Prenups and the Self-Made Spouse

The following was originally published in the February 2020 issue of Outword Magazine.

I have written before about the many good things that a premarital agreement can accomplish for a soon-to-be-married couple (here and here).

They can better define expectations for your financial relationship (who pays for what and how).

They can solidify the character of existing assets like homes and businesses (particularly important in second marriages when the couple have amassed retirement assets and own property).

They can also, to some degree, confirm a couple’s plan for their future together and generally open a conversation between them about financial and family goals that may not come up before tying the knot – even when the couple has the foresight to seek out premarital counseling.

But some expectations — however well planned for — are blown away by the eventual reality.

. . . the app idea explodes and turns into a multi-million dollar enterprise that leads to development deals, spin-offs, and the eventual sale to a mega-Titan in the industry for hundreds of millions.

Think, for instance, of the as yet unmarried spouse who thought up an idea for an app.
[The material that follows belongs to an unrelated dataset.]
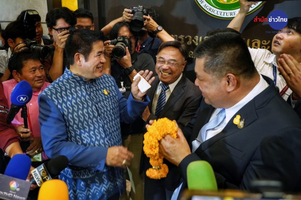 ในระหว่างการแถลงข่าว ร้อยเอกธรรมนัส พรหมเผ่า รัฐมนตรีว่าการกระทรวงเกษตรและสหกรณ์ เข้ามาให้กำลังใจอธิบดีกรมการข้าว โดยระบุว่า พูดคุยกันอยู่เป็นประจำ ทั้งอธิบดีและคุณนายติ๋ม ไม่ต้องพูดอะไรมาก

Nothing really happened with it before this person gets married, but then not long after the ring goes on the finger, the app idea explodes and turns into a multi-million dollar enterprise that leads to development deals, spin-offs, and the eventual sale to a mega-Titan in the industry for hundreds of millions.

Is the app idea separate property because it was initially hatched before marriage? Or is it community property because it was not developed and did not grow into anything until after the wedding?

Without a premarital agreement — and a good one that can anticipate what the spouses wish to do in the case of similar good fortune — the court is the only real venue to determine the answer to those questions. Which will require very well-seasoned attorneys familiar with the applicable law, and their also very well-seasoned forensic accountant teams that can help figure out the ultimate value at risk in answering the questions.

And this would apply equally to any great idea one spouse comes up with, whether the idea is an app, a song, a bit of software, a patent on a manufacturing process — anything that might be considered “intellectual property” of one of the spouses. These ideas can take years to come to fruition, and if they are not part of a discussion around a pending marriage, their eventual success may end up doing considerable damage to the relationship if the spouses have conflicting feelings regarding entitlement to the financial windfall generated by — in our earlier example — the Mega App.

As tricky as future success is to predict in the realm of intellectual property, other common issues that come up with start-up businesses or entrepreneurs concern restricted stock (commonly called RSUs) that are issued in lieu of income when a business is just getting its feet under it and has little or no income to pay those working in the business. When the company turns the corner, those RSUs can become extremely valuable — and hotly contended if a marriage happened in the interim. And if those RSUs are not addressed in a premarital agreement, their future value is going to be clouded by doubt as to when they became valuable and how much the community might have contributed to that growth.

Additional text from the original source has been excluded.